▶ [How to complete this task] When a picture appears among the records, leave it out, and copy all else exactly.

____________

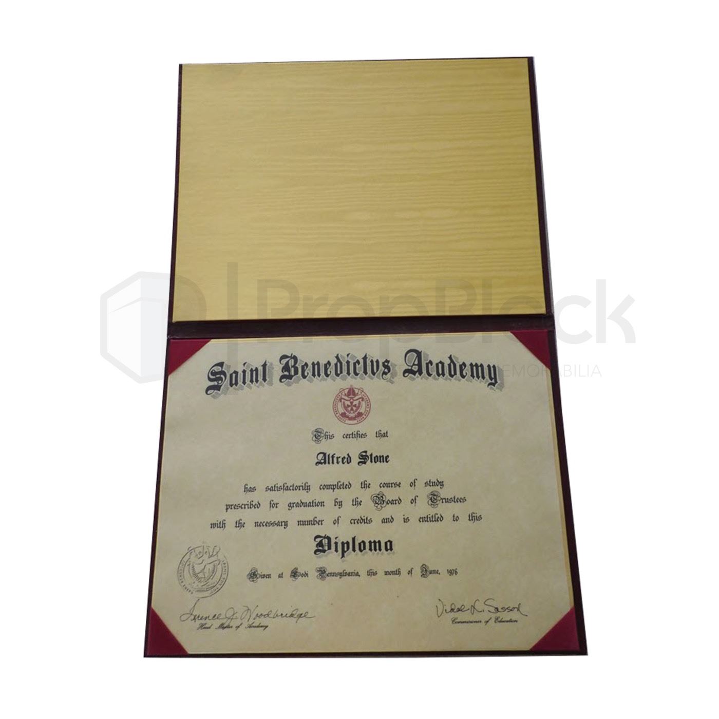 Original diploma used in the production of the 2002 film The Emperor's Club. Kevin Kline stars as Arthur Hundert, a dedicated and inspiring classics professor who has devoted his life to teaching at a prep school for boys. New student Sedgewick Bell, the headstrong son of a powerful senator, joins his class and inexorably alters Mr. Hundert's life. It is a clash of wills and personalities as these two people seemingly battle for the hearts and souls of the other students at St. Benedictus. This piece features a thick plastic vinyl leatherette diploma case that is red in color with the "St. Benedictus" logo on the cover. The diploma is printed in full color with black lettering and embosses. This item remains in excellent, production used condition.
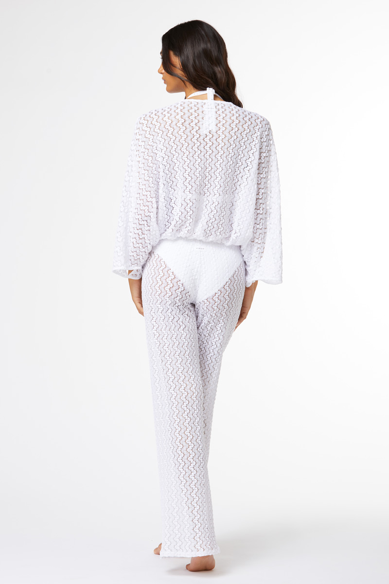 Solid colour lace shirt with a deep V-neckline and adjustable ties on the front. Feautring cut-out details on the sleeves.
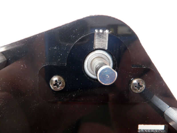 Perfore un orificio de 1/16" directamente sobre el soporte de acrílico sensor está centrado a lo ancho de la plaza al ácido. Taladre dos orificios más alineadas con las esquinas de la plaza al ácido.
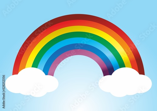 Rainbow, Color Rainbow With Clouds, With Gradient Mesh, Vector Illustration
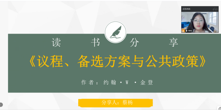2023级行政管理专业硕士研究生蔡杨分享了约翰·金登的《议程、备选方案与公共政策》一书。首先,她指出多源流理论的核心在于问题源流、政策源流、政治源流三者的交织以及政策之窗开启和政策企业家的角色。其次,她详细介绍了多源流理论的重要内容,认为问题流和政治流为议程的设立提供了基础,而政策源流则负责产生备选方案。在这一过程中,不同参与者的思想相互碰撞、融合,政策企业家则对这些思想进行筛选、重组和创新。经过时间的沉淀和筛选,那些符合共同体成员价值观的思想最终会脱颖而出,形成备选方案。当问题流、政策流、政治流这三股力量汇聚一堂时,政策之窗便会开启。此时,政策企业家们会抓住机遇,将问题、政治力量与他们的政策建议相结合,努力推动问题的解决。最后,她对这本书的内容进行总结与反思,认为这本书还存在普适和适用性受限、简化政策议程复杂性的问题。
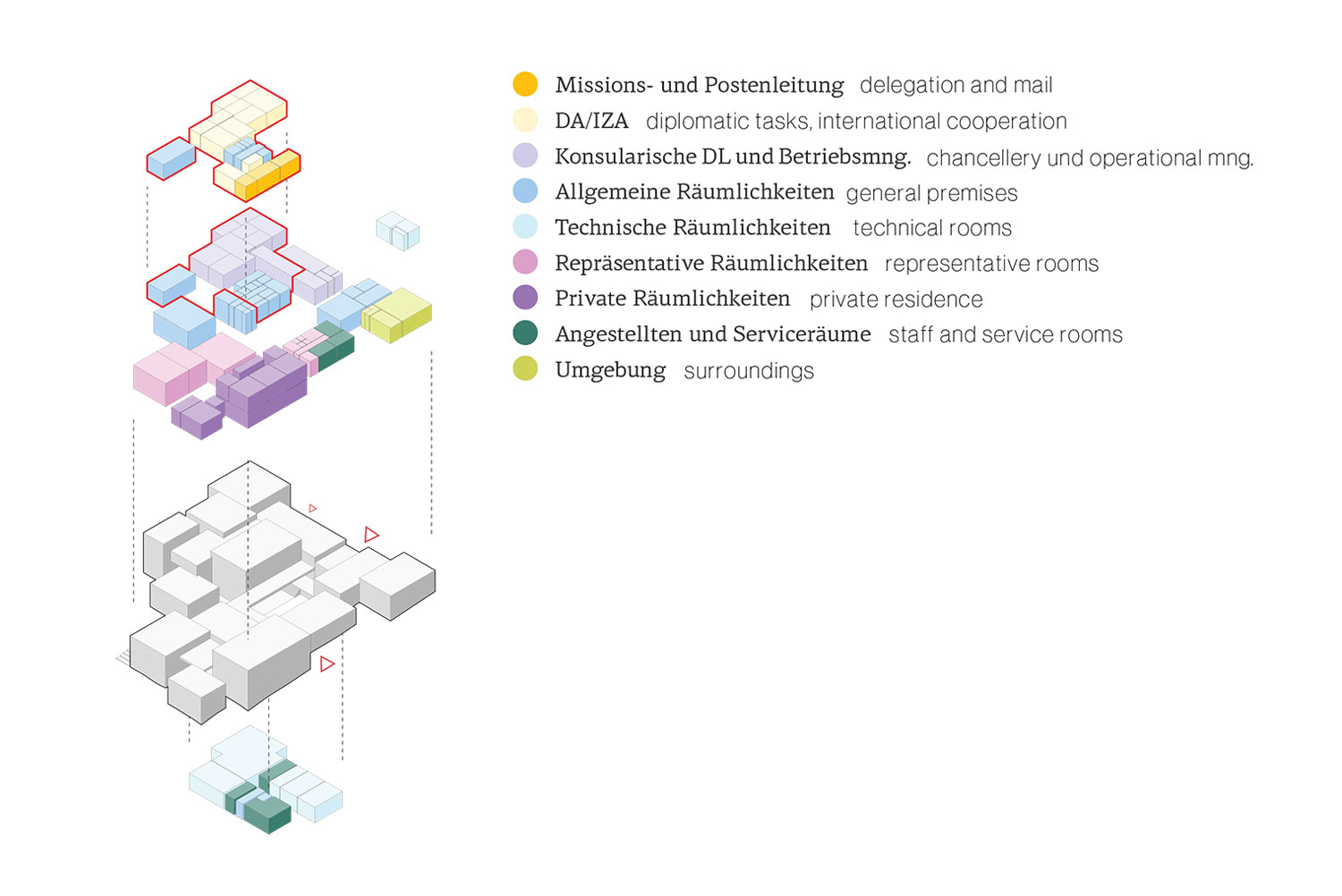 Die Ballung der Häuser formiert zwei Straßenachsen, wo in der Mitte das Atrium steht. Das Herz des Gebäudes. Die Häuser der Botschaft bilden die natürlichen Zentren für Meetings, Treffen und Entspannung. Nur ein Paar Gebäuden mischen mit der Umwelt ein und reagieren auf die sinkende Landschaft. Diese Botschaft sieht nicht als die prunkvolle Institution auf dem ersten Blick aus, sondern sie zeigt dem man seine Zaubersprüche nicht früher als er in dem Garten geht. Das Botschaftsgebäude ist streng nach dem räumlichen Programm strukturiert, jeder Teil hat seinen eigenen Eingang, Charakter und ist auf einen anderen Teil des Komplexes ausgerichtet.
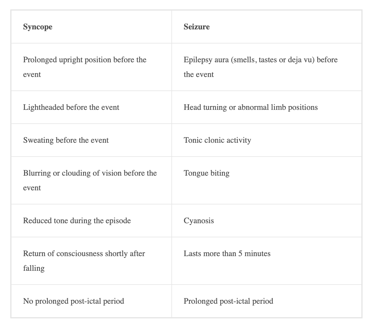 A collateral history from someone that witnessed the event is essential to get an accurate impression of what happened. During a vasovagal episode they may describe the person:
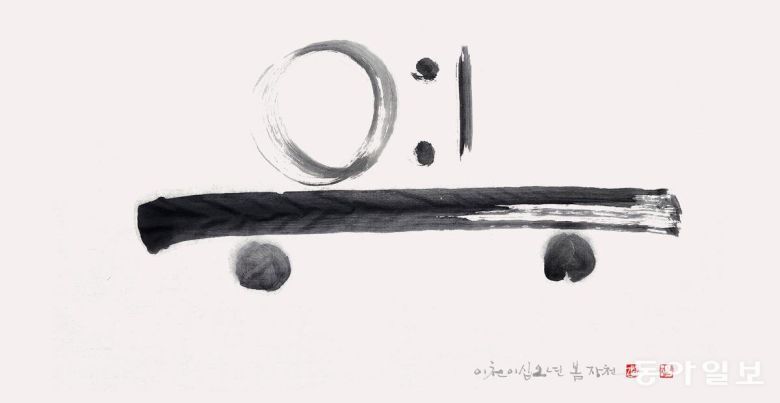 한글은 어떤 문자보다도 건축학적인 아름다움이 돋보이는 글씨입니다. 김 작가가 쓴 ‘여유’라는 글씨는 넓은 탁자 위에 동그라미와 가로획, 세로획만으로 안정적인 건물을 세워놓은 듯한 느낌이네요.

____________

▶ [Written solution]
 Original diploma used in the production of the 2002 film The Emperor's Club. Kevin Kline stars as Arthur Hundert, a dedicated and inspiring classics professor who has devoted his life to teaching at a prep school for boys. New student Sedgewick Bell, the headstrong son of a powerful senator, joins his class and inexorably alters Mr. Hundert's life. It is a clash of wills and personalities as these two people seemingly battle for the hearts and souls of the other students at St. Benedictus. This piece features a thick plastic vinyl leatherette diploma case that is red in color with the "St. Benedictus" logo on the cover. The diploma is printed in full color with black lettering and embosses. This item remains in excellent, production used condition.
 Solid colour lace shirt with a deep V-neckline and adjustable ties on the front. Feautring cut-out details on the sleeves.
 Perfore un orificio de 1/16" directamente sobre el soporte de acrílico sensor está centrado a lo ancho de la plaza al ácido. Taladre dos orificios más alineadas con las esquinas de la plaza al ácido.
 Rainbow, Color Rainbow With Clouds, With Gradient Mesh, Vector Illustration
2023级行政管理专业硕士研究生蔡杨分享了约翰·金登的《议程、备选方案与公共政策》一书。首先,她指出多源流理论的核心在于问题源流、政策源流、政治源流三者的交织以及政策之窗开启和政策企业家的角色。其次,她详细介绍了多源流理论的重要内容,认为问题流和政治流为议程的设立提供了基础,而政策源流则负责产生备选方案。在这一过程中,不同参与者的思想相互碰撞、融合,政策企业家则对这些思想进行筛选、重组和创新。经过时间的沉淀和筛选,那些符合共同体成员价值观的思想最终会脱颖而出,形成备选方案。当问题流、政策流、政治流这三股力量汇聚一堂时,政策之窗便会开启。此时,政策企业家们会抓住机遇,将问题、政治力量与他们的政策建议相结合,努力推动问题的解决。最后,她对这本书的内容进行总结与反思,认为这本书还存在普适和适用性受限、简化政策议程复杂性的问题。
 Die Ballung der Häuser formiert zwei Straßenachsen, wo in der Mitte das Atrium steht. Das Herz des Gebäudes. Die Häuser der Botschaft bilden die natürlichen Zentren für Meetings, Treffen und Entspannung. Nur ein Paar Gebäuden mischen mit der Umwelt ein und reagieren auf die sinkende Landschaft. Diese Botschaft sieht nicht als die prunkvolle Institution auf dem ersten Blick aus, sondern sie zeigt dem man seine Zaubersprüche nicht früher als er in dem Garten geht. Das Botschaftsgebäude ist streng nach dem räumlichen Programm strukturiert, jeder Teil hat seinen eigenen Eingang, Charakter und ist auf einen anderen Teil des Komplexes ausgerichtet.
 A collateral history from someone that witnessed the event is essential to get an accurate impression of what happened. During a vasovagal episode they may describe the person:
 한글은 어떤 문자보다도 건축학적인 아름다움이 돋보이는 글씨입니다. 김 작가가 쓴 ‘여유’라는 글씨는 넓은 탁자 위에 동그라미와 가로획, 세로획만으로 안정적인 건물을 세워놓은 듯한 느낌이네요.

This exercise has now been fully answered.